Since this fluid is likely to have periodic slugs of gas, this vessel is also designed to de-gas the inlet fluid. Gas provides enough mixing energy to defeat oil-water separation, so eliminating it is quite beneficial. Finally, the KBK DFSD™ is a hydraulic flow splitter. It can be designed with multiple splits, each one identical to the others for ideal flow division into multiple downstream systems for further processing. It usually takes a vacuum truck about one hour to remove seven feet of solids from the DFSD™. The DFSD™ can continue processing fluids during the cleaning process.

How DFSD Tanks Work:

The fluid enters the DFSD™ and is piped to the first churn tube assembly. The piping is necked down prior to entering the churn tube to increase the velocity of the fluid. The fluid is directed to spin counterclockwise in the first cone. Gas is taken from the top of the cone and piped into vapor space at the top of the DFSD™ tank. The solids fall out the bottom of the cone. The side outlet of the cone is connected to a second smaller cone.

The piping between is sized to accelerate the fluid and as the fluid enters the second cone it is directed to spin the fluid counterclockwise. Any remaining gas is taken from the top of this second cone and into the vapor area near the top of the tank. Solids fall out the bottom of the second cone. The outlet of the second cone is turned so it sends the fluid out in a counterclockwise direction along the side wall of the tank. The gas layer and gas piping from the cones is sized to handle large slugs of gas that often come from pipelines.

The outlets of the tank are designed to create enough head pressure to gravity flow to the next tank(s) in the system. These outlets are engineered to hydraulically split flows so equal volumes go to subsequent tanks. Around the bottom of the tank are a series of ports that allow a vacuum truck to connect to for removal of the captured solids. These ports allow the operator to push or pull to cause the solids to easily be removed. This tank does not require entry for cleaning. The DFSD™ reduces solids loading of the facility and the well which extends the performance of the facility.

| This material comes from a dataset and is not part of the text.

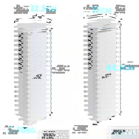 Keeping humidity in check is simple with the Mylek 12L Dehumidifier, a refrigeration dehumidifier with a digital display and colour-changing humidity sensor. It extracts up to 12 litres per day and uses indicator lights to show current room humidity at a glance: blue for less than 45%, green for 45–65%, and red for greater than 65%.

HWSB™ Tanks: Maximizing Oil Recovery

The KBK HWSB™ (Hydrodynamic Water-Oil Separation Breakthrough) Oil Recovery tank is a significant advancement to the gun barrel and is custom engineered for your facility taking into consideration the oil and water gravities and flow velocities.

How HWSB™ Tanks Work:

The flow of water and oil liquid enter the body of the KBK HWSB™ just below the oil-water interface through a series of swirl-diverters. These diverters impart a centrifugal force on the liquids, spinning them outward from the center of the tank in an increasing radius counterclockwise spiral (a helix). The increasing radius slows the velocity of the inlet fluid and increases its effective retention time in this primary separation zone; the area just below the oil-water interface.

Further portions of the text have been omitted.